Cast iron is an example of a material with a low Kf (approximately 1.0). This is because cast iron is permeated with graphite flakes (natural internal stress raisers), so that the addition of small man-made notches has little effect. (Juvinall[1], p. 238, p. 255.)

At the upper limit, Kf approaches Kt when the radius of the stress concentrator is large or for fine-grained, relatively homogeneous materials (Juvinall[1], pp. 250 - 251) and for high strength materials (Shigley, p. 171). Thus, since fatigue resistance is proportional (within limits) to material strength (see Juvinall, pp. 210 - 215), materials with the best fatigue resistance are generally the most notch sensitive.

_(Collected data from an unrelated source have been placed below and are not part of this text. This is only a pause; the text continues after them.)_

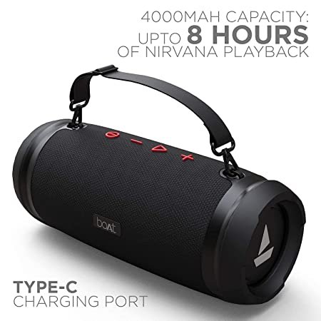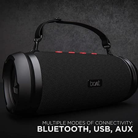Groove to your favourite tracks with this boAt Bluetooth speaker. With its twin equaliser modes and 40 W of audio output, this speaker delivers clear and distinct sound in both indoor and outdoor settings. Also, its 4000 mAh battery keeps you entertained for up to 15 hours on a single full charge.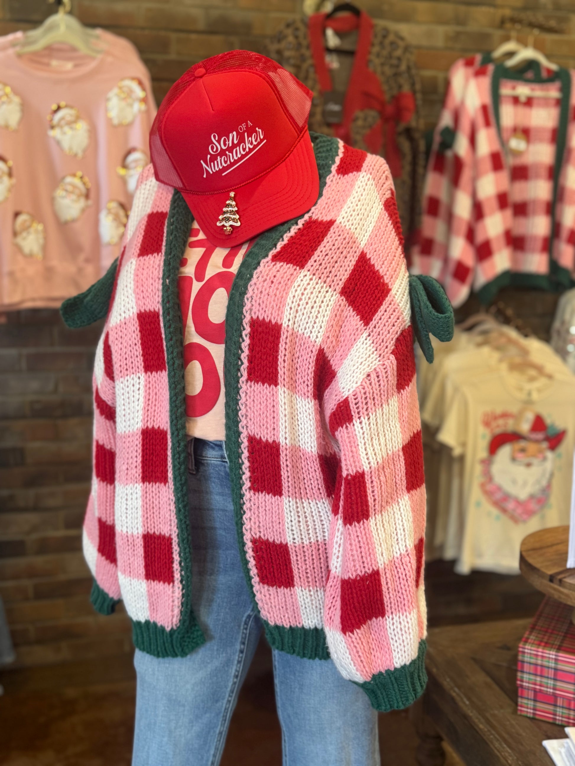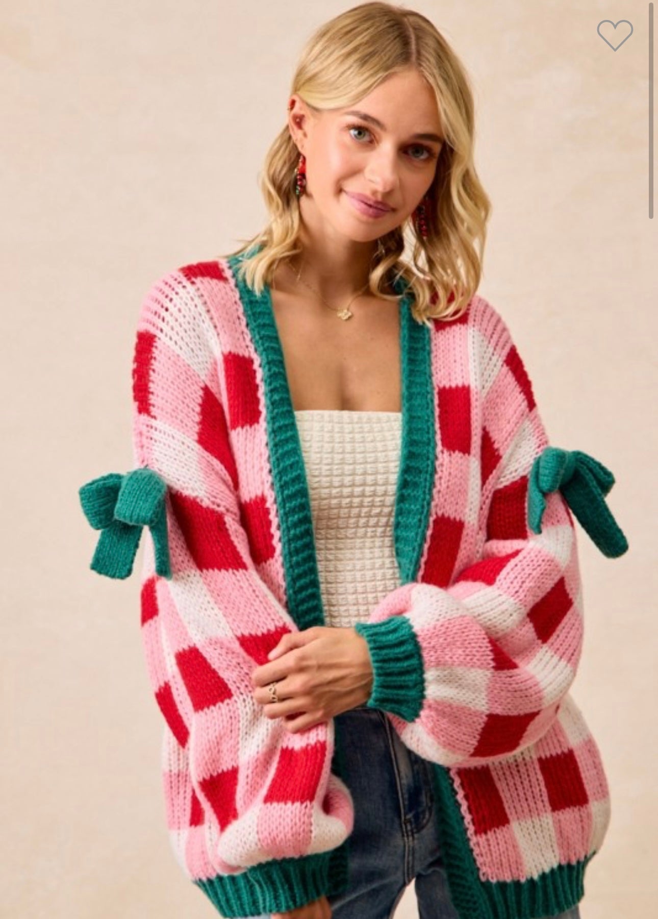 Oversized plaid Christmas cardi from Bibi with bow accents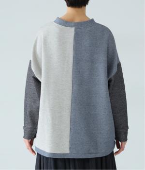 デニム調の生地を組み合わせたカジュアルなプルオーバー。メリハリのある配色デザインが、ゆとりのあるシルエットをすっきりと見せてくれます。アシンメトリーに仕上げた後ろ身頃が目を引くポイントに。一枚でおしゃれな存在感を放ちます。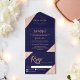 Cette invitation de Bar Mitzvah élégante et tout-en-un combine un design classique avec une élégance pratique. Avec un fond bleu marine profond, des accents de faux rose gold scintillants et des textes en anglais et en hébreu, elle comprend l'invitation principale et la carte de réponse dans un format pliable élégant. Parfait pour les célébrations modernes qui honorent la tradition avec une touche raffinée et luxueuse.
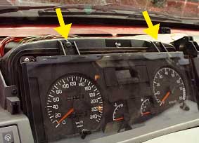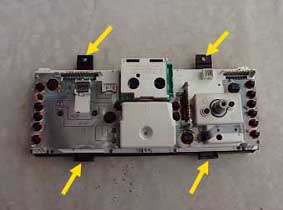 参考までに、メーターユニットは矢印の4ヵ所で固定されています。
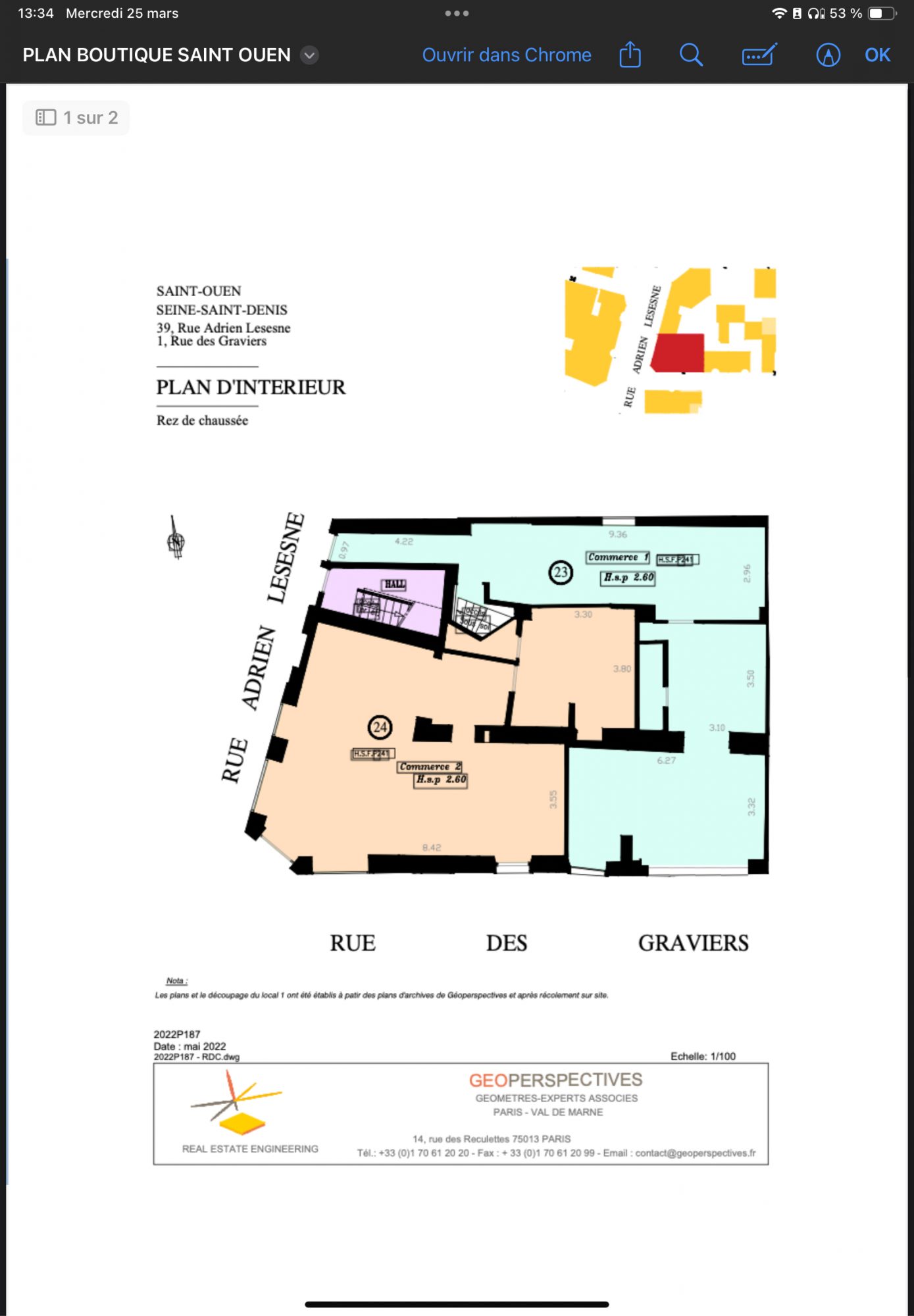 ...Surface totale : 36 m²• 26 m² de surface de vente + 10 m² de réserve + un petit dégagement•...

This effect is shown in figure [f]. (SAE red book, p. 55) for three different aluminum alloys (low frequency tests). While the unnotched materials (dashed lines) have significantly different lives, the notched materials (solid lines) have essentially the same lives above 104 cycles. As the SAE Fatigue Design Handbook notes for aluminum (p. 56) —

The presence of a notch, including the notches associated with welds and riveted and bolted joints, tends to nullify most of the differences among the fatigue strengths of various alloys.

The same effect has been found for titanium. Note that the strengths of the notched samples are much closer together than for the unnotched samples. The Osgood data (p. 442) shows an example of heat treated Ti-6Al-4V that is superior in the unnotched condition but inferior in the notched condition, as compared to annealed Ti-6Al-4V.

Thus, while tests of unnotched S-N horns may indicate that one material is superior to another, working horns (which have stress concentrations) may exhibit much less difference. (Note: for implications related to finite element analysis of working horns, see the chapter on "Stress".)

Conclusion

Based on testing at a single stress level, we can only draw limited conclusions about comparative fatigue performance of two materials. Because the shape of S-N curves may differ significantly between materials and because of differing sensitivities to notches, we definitely cannot say that one material is X% better than another. The most we can say is that one material appears X% percent better than another under a specified set of test conditions. However, we can use single stress testing to find promising materials and weed out materials that are obviously unpromising. Additional tests at other stress levels would be needed to distinguish between materials with similar fatigue performances.

Determining the test stress level

For the following discussion, we will assume that single stress testing is being used to separate potentially good materials from those without hope. We will not try to make quantative comparisons between materials.

Ideally, we would like to perform the S-N material comparisons at "practical" stress levels -- i.e., at stresses that a working horn would actually experience while performing an application. However, since working horns should be designed for 2000 hours of life, such a stress level would require excessively long test times. Therefore, in order to achieve reasonable test times, the S-N horn stress must be higher than normally expected by most applications. The required stress level will be determined by the requirements for acceptable test times.

During a typical S-N test, there are some stress cycles which are not accurately accounted -- e.g., periodic tuning and amplitude checks. If we assume that such unaccounted sonic time might be as much as one minute over the duration of a test, then the accounted (recorded) sonic time must be substantially greater so that the unaccounted time can be neglected by comparison. Thus, we should require a minimum time to failure of the best material (within a comparison group of materials) of at least one sonic hour.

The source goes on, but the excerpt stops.